Focusing on individual projects for each company, there are a number of undeveloped, high-cost projects which are prime candidates for cancellation…The top twenty largest projects which represent high-risk, high-cost options for the oil majors…are primarily a mix of Alberta oil sands and deep water projects in the Atlantic, which would represent $91 billion of capital (over the period 2014-25). This capital could instead be returned to shareholders rather than being put at risk in projects that are already high cost and low return.

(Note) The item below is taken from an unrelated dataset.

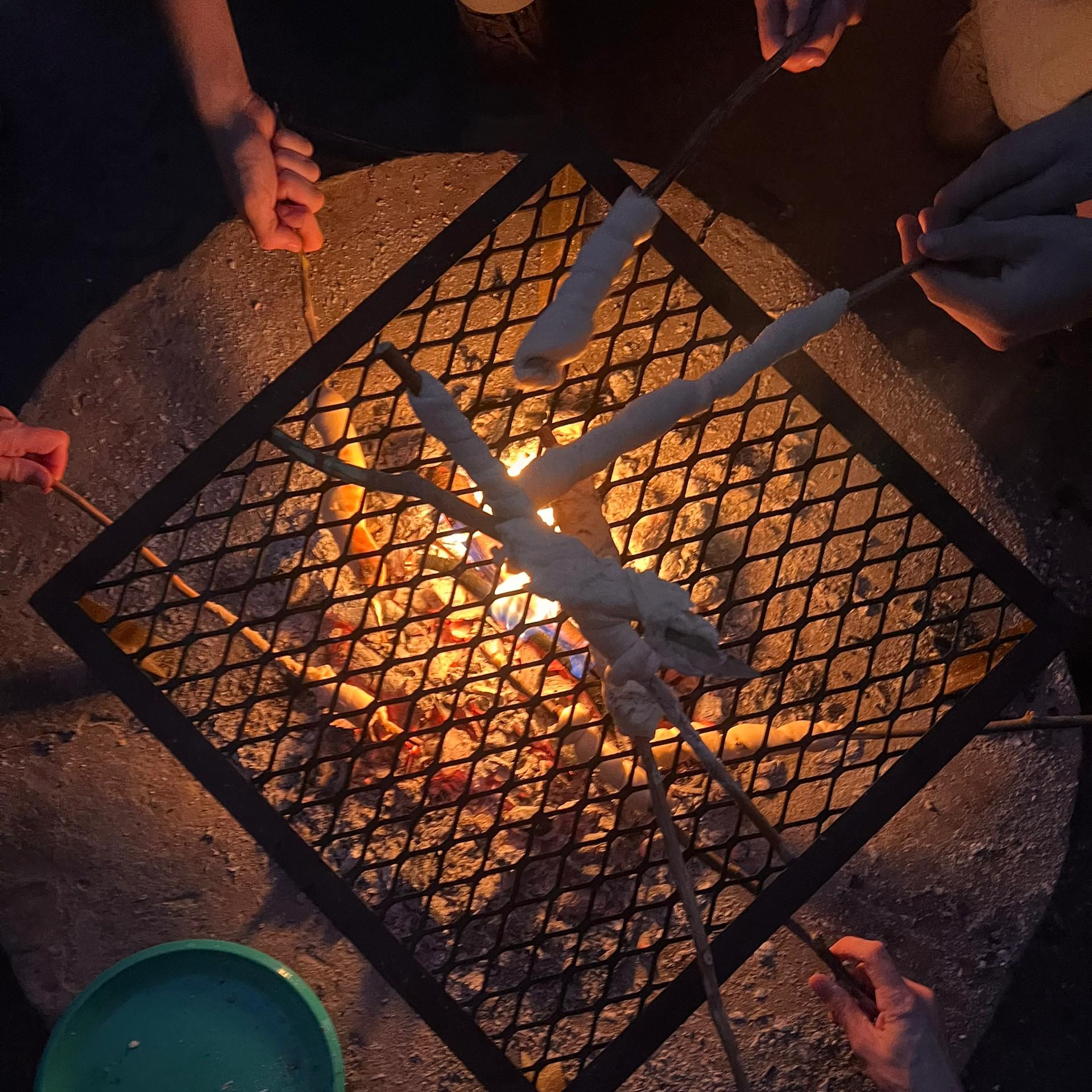 Wir machen Schlangenbrot, kochen Nshima (lokales Maismehl-Gericht) mit Kohl.
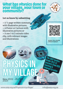 The SAIP invites grade 10 & 11 learners from KZN, Gauteng & Limpopo to participate in the Physics In My Village competitions for 2022 -23

Such projects have high operational gearing, putting shareholder returns at risk in a low oil price environment.
As well as specific questions on high cost projects and risk concentration identified for each company, investors should continue to push for disclosure on the following issues across the sector:
1. How does continuing dependence on oil fit with the imperative to tackle climate change recognised by most oil companies?
2. How would a range of oil prices impact your project economics and hence future earnings?
3. How does the current strategy of reinvesting revenues in high cost oil projects deliver shareholder value in a low demand, low price scenario?